The only cross-sectional image in Figure 1 shows live imaging using nephrin-GFP. In this divergent setting intracellular background signal was mostly lacking and vesicles were rarely detectable. Similarly, such a signal was absent after shorter chase periods (Figure 2D-E). However, in the correct control settings with a chase period of 2 h after live labeling in Figure 5—figure supplement 2A (heterozygous) or Figure 2F (homozygous) we similarly detected a diffuse intracellular signal including small dots. We observed no systematic difference of control and intervention regarding the faint and occasionally dotty intracellular signal in Figure 6F and H and 7F. For clarification, this information has now been included in the figure legends: “The diffuse intracellular signal from live labeling was similar to control (Figure 5—figure supplement 2A).” Figure 7I shows another experiment (FITC-albumin uptake). Generally, we find it difficult to assign the term vesicles to these very small dots, since a similar signal may occur in stainings (including those without live labeling).

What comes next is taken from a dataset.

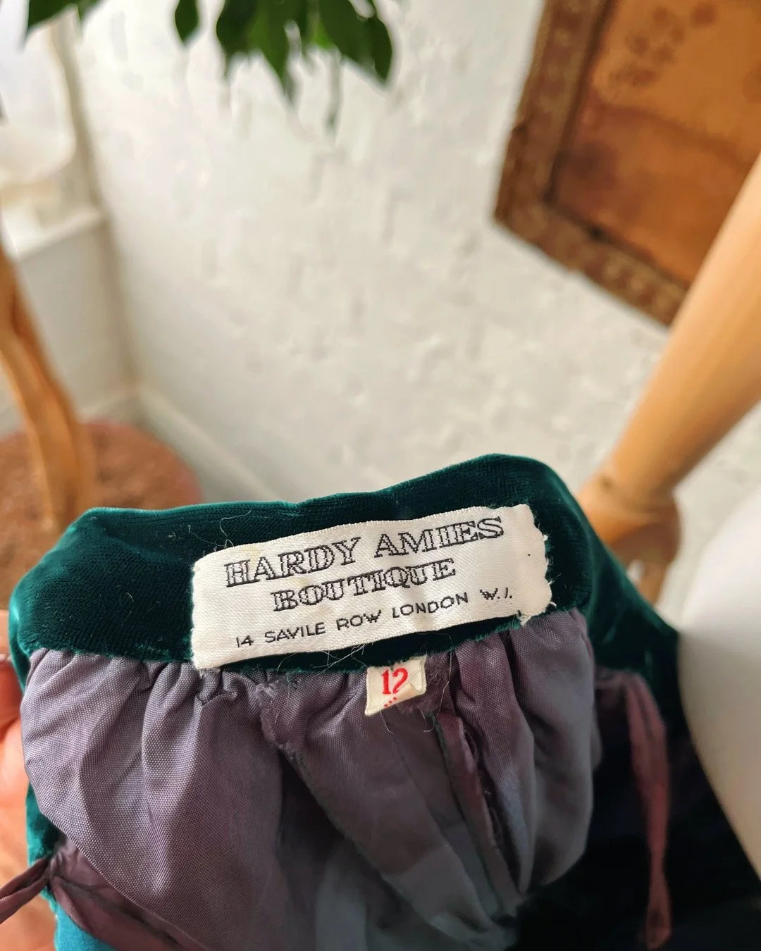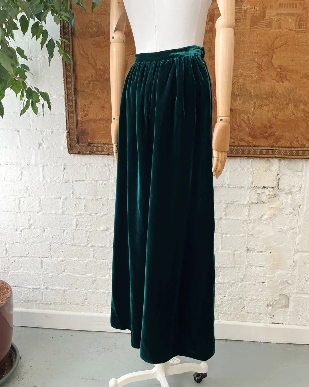 Truly incredible early 1970s high waisted trousers by Hardy Amies of Saville Row. Deep emerald green velvet fabric throughout with a super high waisted fit & huge wide legs creating the most amazing movement when worn. Side zip closure with hook & eye to cinch. Size 6-8.

Throughout the manuscript, the method of fluorescent intensity (ratio membrane/submembrane) is used. Please explain/describe in detail how this is done and what is used for calibration?
We quantified fluorescence within a narrow region of interest (ROI) that followed the cell membrane in an equatorial section for at least ¼ of the whole circumference of a cell using imageJ. It was ensured that the section of the cell membrane used for quantitation was not immediately adjacent to another cell. The average intensity derived from this measurement was divided by the average fluorescence intensity of a ROI in the immediately adjacent domain below the cell membrane. The depth of this subcortical ROI was defined as approximately the outer third of the distance from just below the surface to the center of the cell (see illustration Figure 2—figure supplement 1E). This region corresponds the area where most of the vesicular trafficking occurs and this approach mostly excludes the perinuclear domain including the ER where vast organelles dominate over vesicular transport. The fluorescence intensity derived from live labeling on the surface declines proportionally over time while the signal in the subcortical domain mildly increases. These changes reflect endocytic turnover. We consciously chose an internal control within the same cell since even with identical settings, there is a certain degree of variation in signal strength between images. This is likely due to a combination of inevitable technical variability in the procedures for staining and recording as well as inter individual variation. The internal control eliminates a large part of the technical variability.
The Video files are of good technical quality. A scale for dimension and time would help the observer a lot.
Thank you very much for reminding us, scale bars and a time stamp have been added to the Videos.